- Data shown -
┄┄┄┄┄┄┄┄┄┄┄┄┄┄┄┄┄┄┄┄
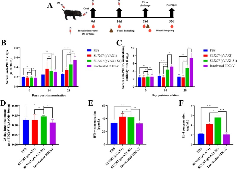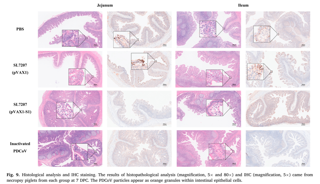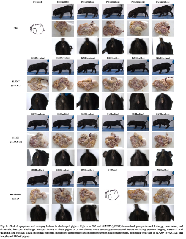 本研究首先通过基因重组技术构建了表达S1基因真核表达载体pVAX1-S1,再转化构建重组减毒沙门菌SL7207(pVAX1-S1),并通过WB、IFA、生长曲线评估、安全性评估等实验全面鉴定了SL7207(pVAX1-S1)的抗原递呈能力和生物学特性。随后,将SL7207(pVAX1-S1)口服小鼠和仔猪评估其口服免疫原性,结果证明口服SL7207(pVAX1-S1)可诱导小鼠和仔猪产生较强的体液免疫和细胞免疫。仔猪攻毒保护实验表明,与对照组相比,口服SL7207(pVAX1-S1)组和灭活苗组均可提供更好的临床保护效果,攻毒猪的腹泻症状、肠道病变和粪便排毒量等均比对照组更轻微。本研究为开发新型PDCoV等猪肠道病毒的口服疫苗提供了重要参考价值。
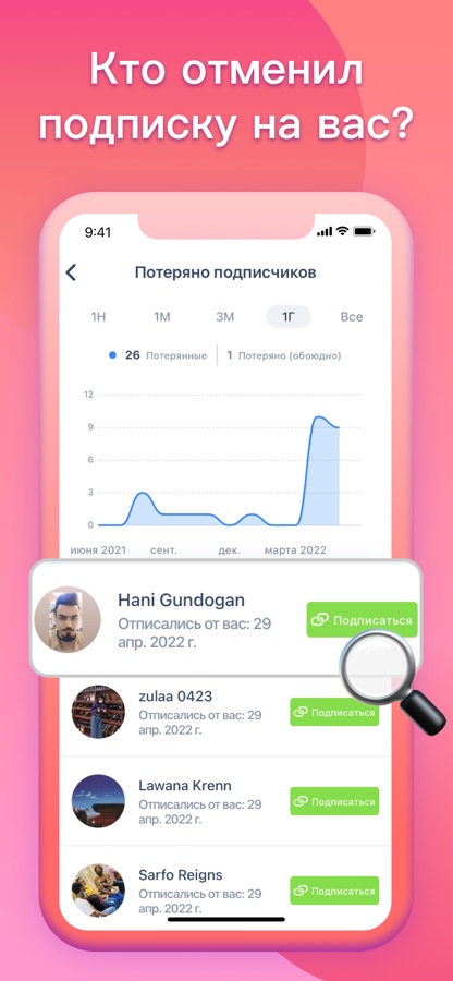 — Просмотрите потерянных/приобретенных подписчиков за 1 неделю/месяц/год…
┄┄┄┄┄┄┄┄┄┄┄┄┄┄┄┄┄┄┄┄
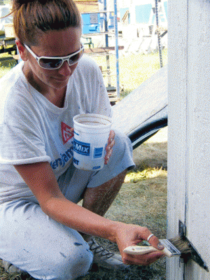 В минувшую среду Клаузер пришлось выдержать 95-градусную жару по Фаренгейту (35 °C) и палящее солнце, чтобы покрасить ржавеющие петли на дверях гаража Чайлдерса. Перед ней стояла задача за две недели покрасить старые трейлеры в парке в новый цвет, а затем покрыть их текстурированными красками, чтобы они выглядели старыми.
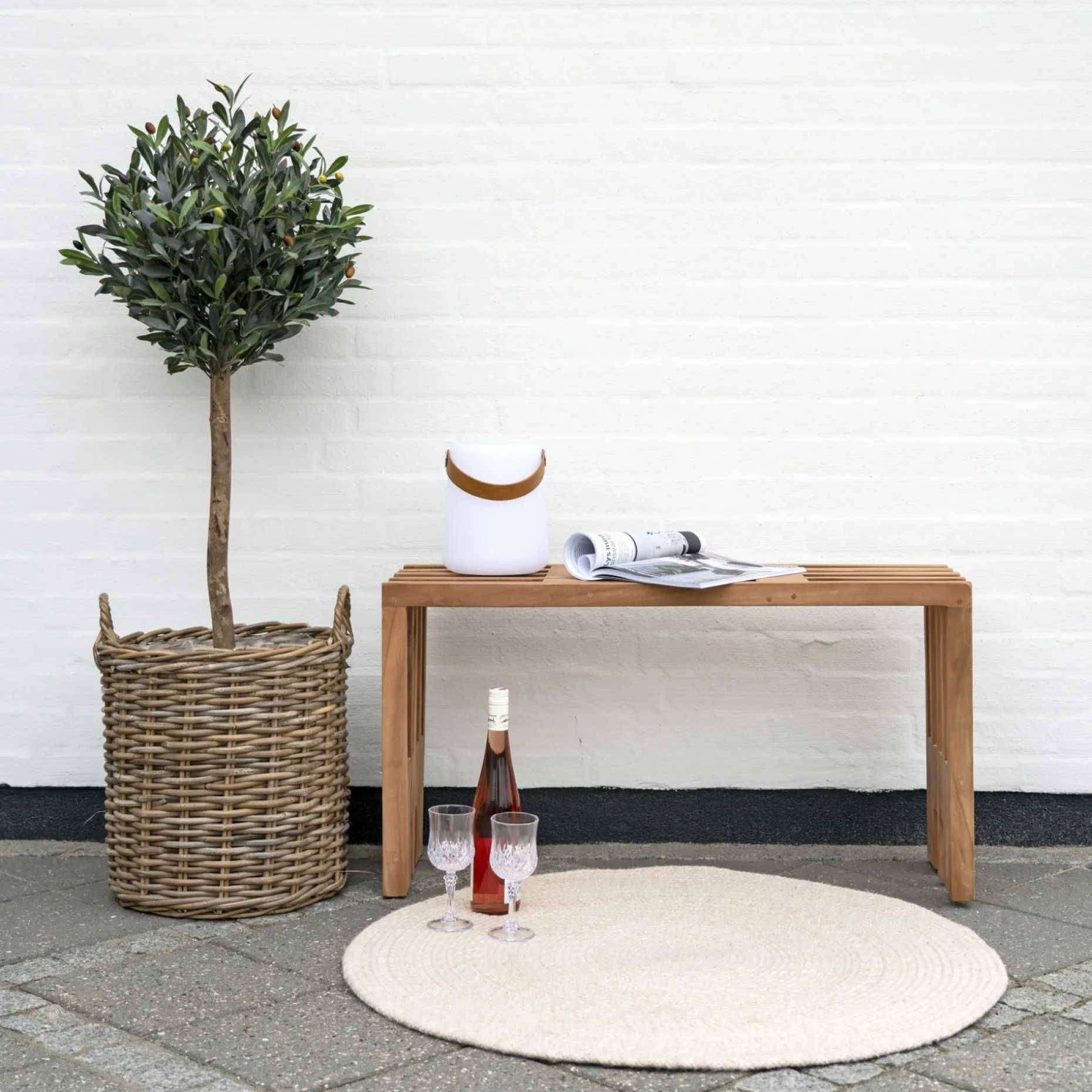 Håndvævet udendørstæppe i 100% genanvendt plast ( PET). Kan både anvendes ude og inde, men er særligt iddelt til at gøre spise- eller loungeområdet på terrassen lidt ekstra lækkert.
┄┄┄┄┄┄┄┄┄┄┄┄┄┄┄┄┄┄┄┄
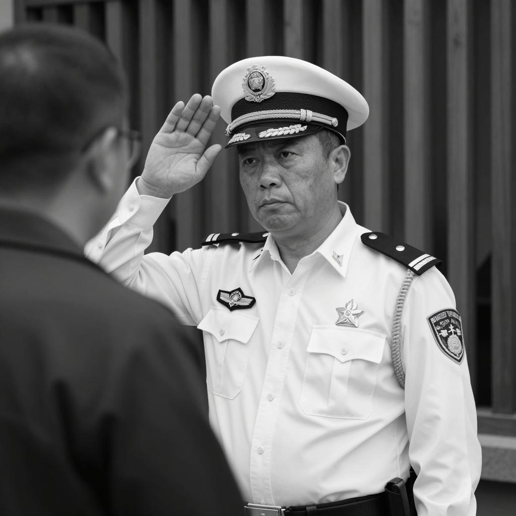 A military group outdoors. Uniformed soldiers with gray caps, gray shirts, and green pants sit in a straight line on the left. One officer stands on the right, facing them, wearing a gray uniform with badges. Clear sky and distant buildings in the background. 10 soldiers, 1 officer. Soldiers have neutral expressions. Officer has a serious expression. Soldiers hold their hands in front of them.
┄┄┄┄┄┄┄┄┄┄┄┄┄┄┄┄┄┄┄┄
- Your goal -
From the records above, copy only the lines running from the line containing "本研究首先通过基因重组技术构" to the line containing "за 1 неделю/месяц/год…", both ends included. Leave the pictures out.

- Answer section -
 本研究首先通过基因重组技术构建了表达S1基因真核表达载体pVAX1-S1,再转化构建重组减毒沙门菌SL7207(pVAX1-S1),并通过WB、IFA、生长曲线评估、安全性评估等实验全面鉴定了SL7207(pVAX1-S1)的抗原递呈能力和生物学特性。随后,将SL7207(pVAX1-S1)口服小鼠和仔猪评估其口服免疫原性,结果证明口服SL7207(pVAX1-S1)可诱导小鼠和仔猪产生较强的体液免疫和细胞免疫。仔猪攻毒保护实验表明,与对照组相比,口服SL7207(pVAX1-S1)组和灭活苗组均可提供更好的临床保护效果,攻毒猪的腹泻症状、肠道病变和粪便排毒量等均比对照组更轻微。本研究为开发新型PDCoV等猪肠道病毒的口服疫苗提供了重要参考价值。
 — Просмотрите потерянных/приобретенных подписчиков за 1 неделю/месяц/год…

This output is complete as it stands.